**EXERCISE INSTRUCTIONS**. An exact restatement of the data is required, with the images omitted.

━━━━━ SUPPLIED MATERIAL ━━━━━

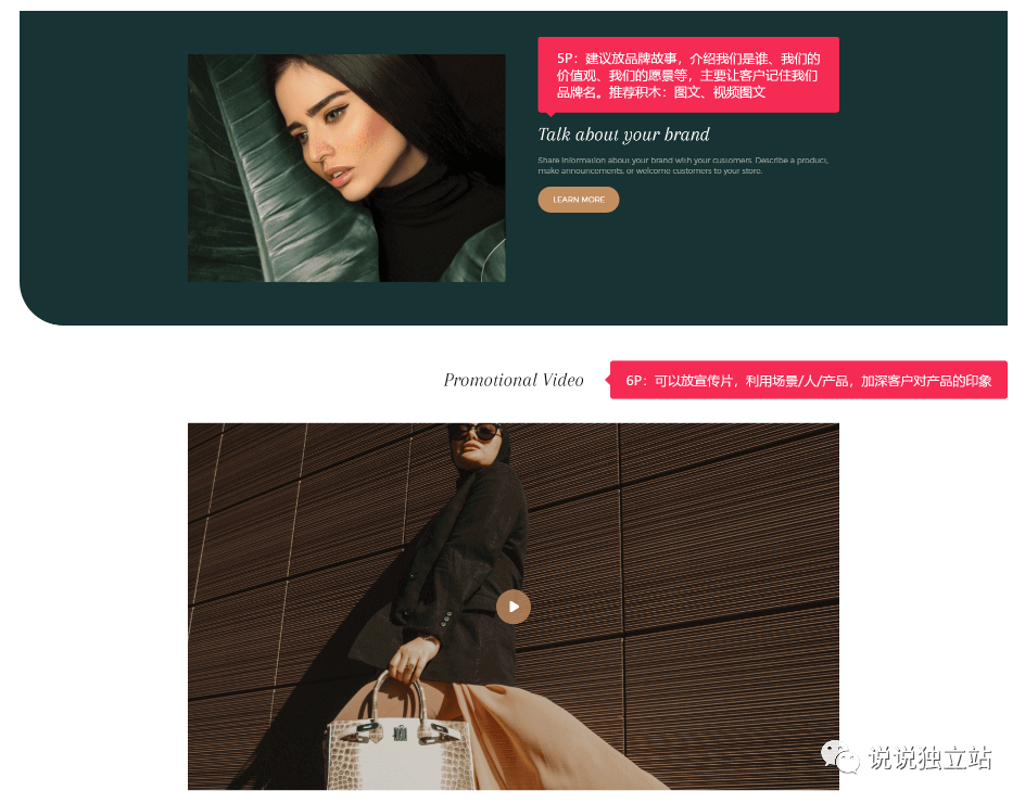6P:可以放宣传片,利用场景、人、产品,加深客户对产品的印象。5P和6P参考效果如图↓
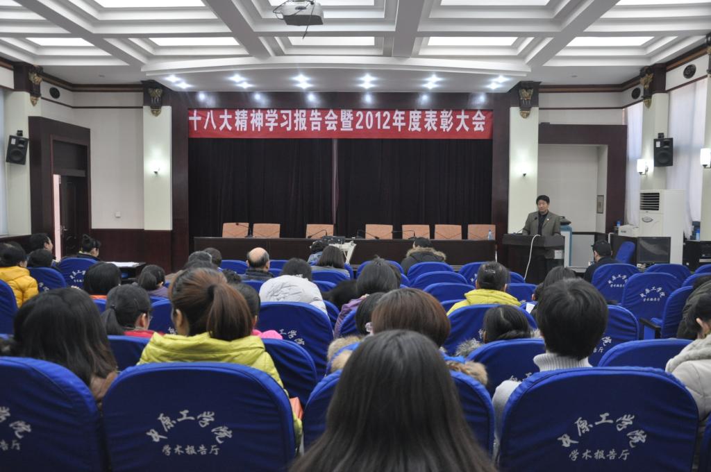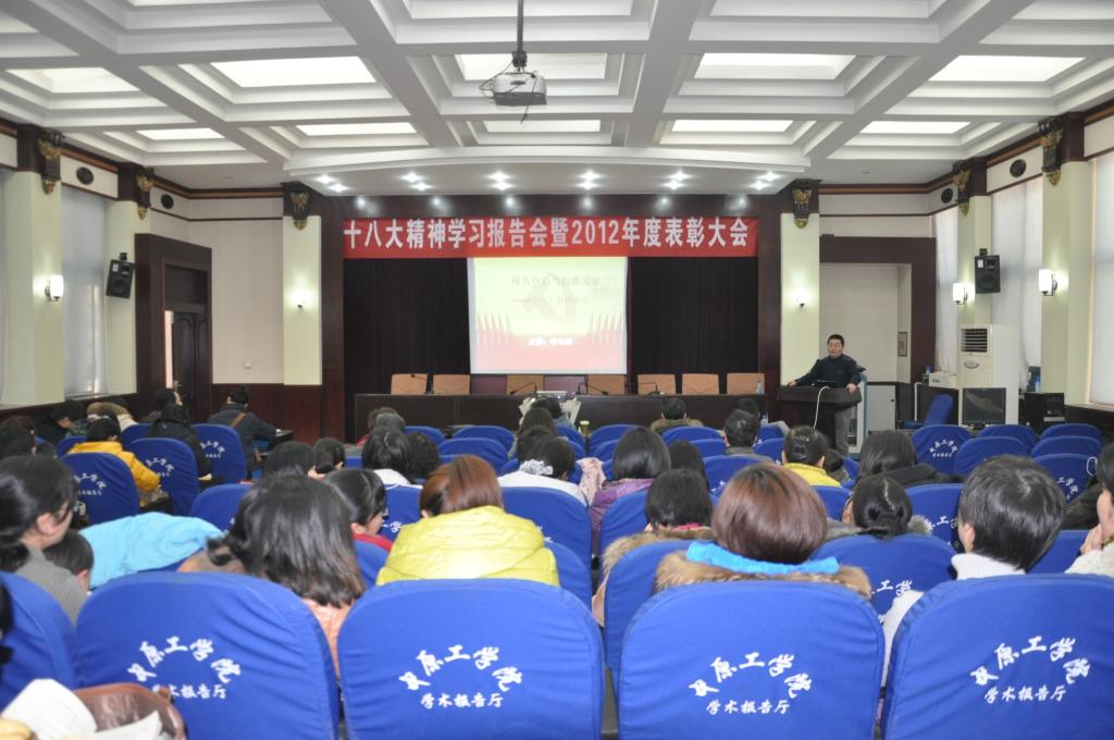 2013年1月11日下午两点,365在线体育投注官网十八大学习报告会暨2012年度表彰大会在北区图书馆一楼学术报告厅召开,教务处处长李惠杰与公司全体教职工参加了本次会议。
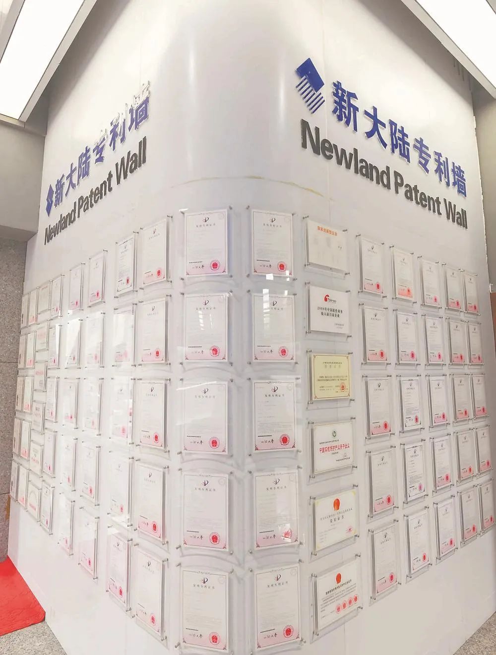 布满发明专利证书的新大陆专利墙。本报记者 游庆辉 摄
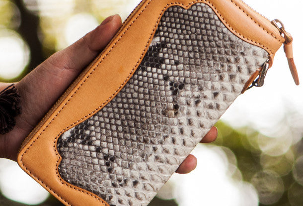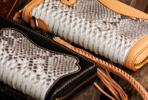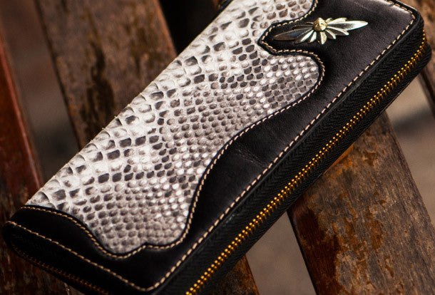 Design: Brown?Carved Tooled ?python skin biker Clutch zip Leather Wallet
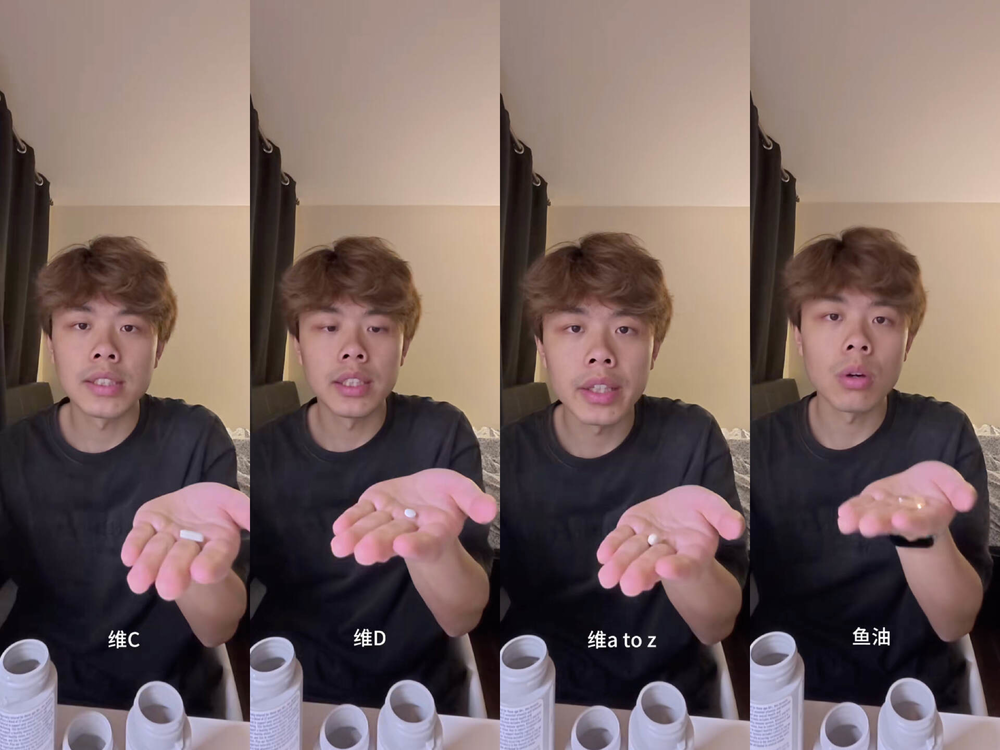 明眼人能看出,这三种干湿两栖的食物是无法满足人体每日所需的维生素的。因此,豆豆子也会借用一些神秘的科学力量,在每日睡觉前吟唱并按序吞服维c、维d、维a to z、鱼油,以维持人体的基本体征。
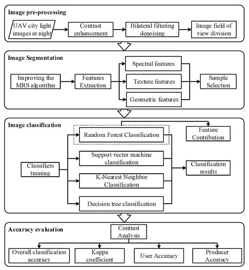 In this study, a classification method of urban night lights based on static monocular tilted UAV visible images is proposed which uses object-oriented approaches and machine learning algorithms. The classification process mainly consists of the following four steps (Figure 2): (1) pre-processing of UAV images; (2) image segmentation and extraction of feature information; (3) image classification, using RF, SVM, KNN and DT classifiers to classify urban nighttime lights; (4) classification accuracy evaluation, selecting the four indexes of OA, kappa coefficient, UA and PA to evaluate the classification accuracy and analyze the accuracy of different machine learning algorithms and light types.
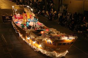 | 【明慧网二零一零年八月三日】二零一零年七月三十一日晚,华盛顿州法轮功学员应邀参加西雅图“炬光”大游行。法轮功学员带来的“大法船”花车再次受到欢迎。七彩祥云的装饰中,身着古装和炼功服的中西方法轮功学员,展示法轮功的五套功法。电视主持人连称法轮大法让人感到“平静”。 美国十大游行之一,西雅图第六十一届海洋节“炬光”大游行(SEAFAIR Torchlight Parade),于二零一零年七月三十一日晚在西雅图市中心二点五英里的道路上举行。沿路人潮摩肩接踵,三十万观众在热闹非常的气氛中庆祝这个被称作“海洋节宝石”的大游行。华盛顿州法轮大法学会第六次应邀参加。  法轮功学员参加西雅图第六十一届海洋节“炬光”大游行 |
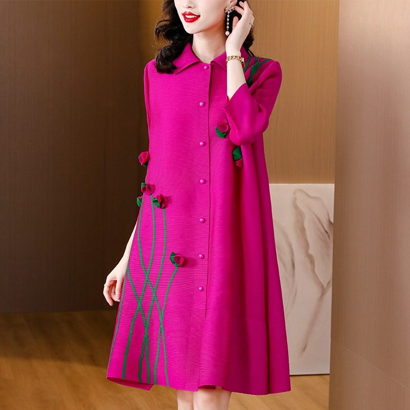 高端褶皱连衣裙2025春秋新款气质大码纯色宽松衬衫a字开衫裙
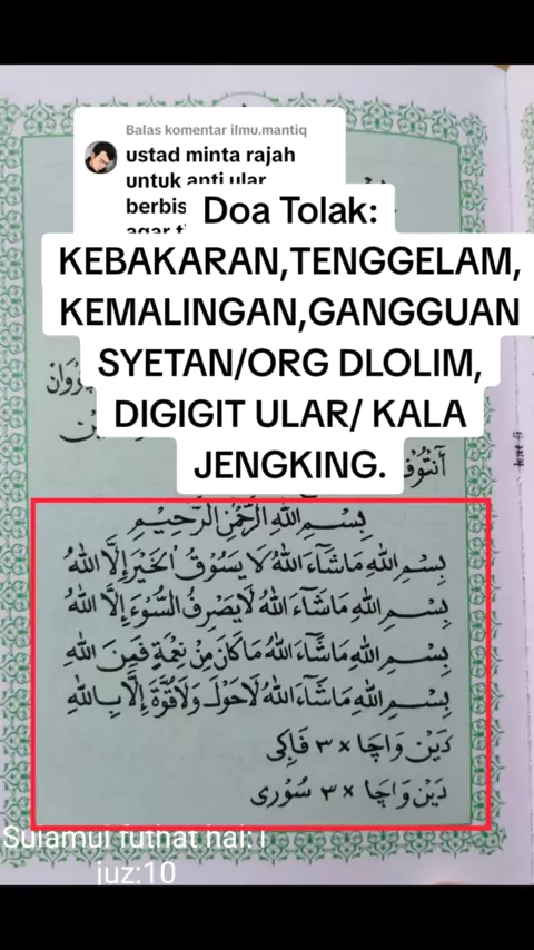 Membalas @ilmu.mantiq Do'a untuk menolak kebakaran,tenggelam,kemalingan,gangguan syetan,gangguan orang yg dlolim,digigit Ular/ Kala jangking. Caranya:Do'a ini dibaca rutin 3× setiap pagi( setelah solat subuh) setiap sore ( setelah solat magrib) كتاب سلم الفتوحات ص :١ جز : ١٠##DAWAMAcollection#istiqomah#Do'aTolak
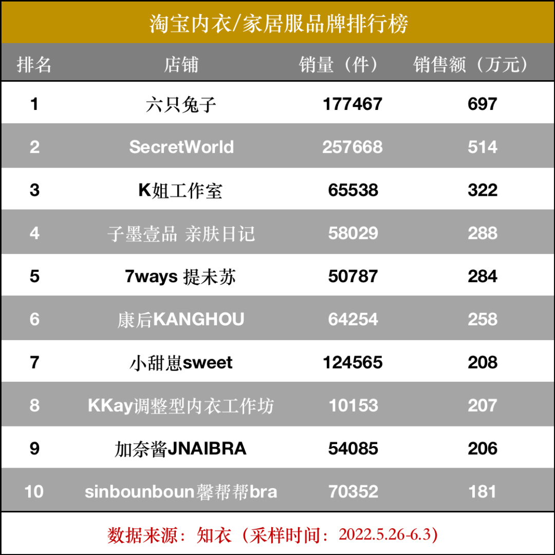 根據(jù)知衣統(tǒng)計(jì)的淘寶618預(yù)售榜單,淘寶店鋪的內(nèi)衣/家居服品牌前十名的銷售額在181萬元之697萬元之間,雖然與大品牌相差甚遠(yuǎn),但對于低成本的店鋪來說的確算得上是一門好生意。

━━━━━

**RESPONSE BELOW**.
6P:可以放宣传片,利用场景、人、产品,加深客户对产品的印象。5P和6P参考效果如图↓
 2013年1月11日下午两点,365在线体育投注官网十八大学习报告会暨2012年度表彰大会在北区图书馆一楼学术报告厅召开,教务处处长李惠杰与公司全体教职工参加了本次会议。
 布满发明专利证书的新大陆专利墙。本报记者 游庆辉 摄
 Design: Brown?Carved Tooled ?python skin biker Clutch zip Leather Wallet
 明眼人能看出,这三种干湿两栖的食物是无法满足人体每日所需的维生素的。因此,豆豆子也会借用一些神秘的科学力量,在每日睡觉前吟唱并按序吞服维c、维d、维a to z、鱼油,以维持人体的基本体征。
 In this study, a classification method of urban night lights based on static monocular tilted UAV visible images is proposed which uses object-oriented approaches and machine learning algorithms. The classification process mainly consists of the following four steps (Figure 2): (1) pre-processing of UAV images; (2) image segmentation and extraction of feature information; (3) image classification, using RF, SVM, KNN and DT classifiers to classify urban nighttime lights; (4) classification accuracy evaluation, selecting the four indexes of OA, kappa coefficient, UA and PA to evaluate the classification accuracy and analyze the accuracy of different machine learning algorithms and light types.
 | 【明慧网二零一零年八月三日】二零一零年七月三十一日晚,华盛顿州法轮功学员应邀参加西雅图“炬光”大游行。法轮功学员带来的“大法船”花车再次受到欢迎。七彩祥云的装饰中,身着古装和炼功服的中西方法轮功学员,展示法轮功的五套功法。电视主持人连称法轮大法让人感到“平静”。 美国十大游行之一,西雅图第六十一届海洋节“炬光”大游行(SEAFAIR Torchlight Parade),于二零一零年七月三十一日晚在西雅图市中心二点五英里的道路上举行。沿路人潮摩肩接踵,三十万观众在热闹非常的气氛中庆祝这个被称作“海洋节宝石”的大游行。华盛顿州法轮大法学会第六次应邀参加。  法轮功学员参加西雅图第六十一届海洋节“炬光”大游行 |
 高端褶皱连衣裙2025春秋新款气质大码纯色宽松衬衫a字开衫裙
 Membalas @ilmu.mantiq Do'a untuk menolak kebakaran,tenggelam,kemalingan,gangguan syetan,gangguan orang yg dlolim,digigit Ular/ Kala jangking. Caranya:Do'a ini dibaca rutin 3× setiap pagi( setelah solat subuh) setiap sore ( setelah solat magrib) كتاب سلم الفتوحات ص :١ جز : ١٠##DAWAMAcollection#istiqomah#Do'aTolak
 根據(jù)知衣統(tǒng)計(jì)的淘寶618預(yù)售榜單,淘寶店鋪的內(nèi)衣/家居服品牌前十名的銷售額在181萬元之697萬元之間,雖然與大品牌相差甚遠(yuǎn),但對于低成本的店鋪來說的確算得上是一門好生意。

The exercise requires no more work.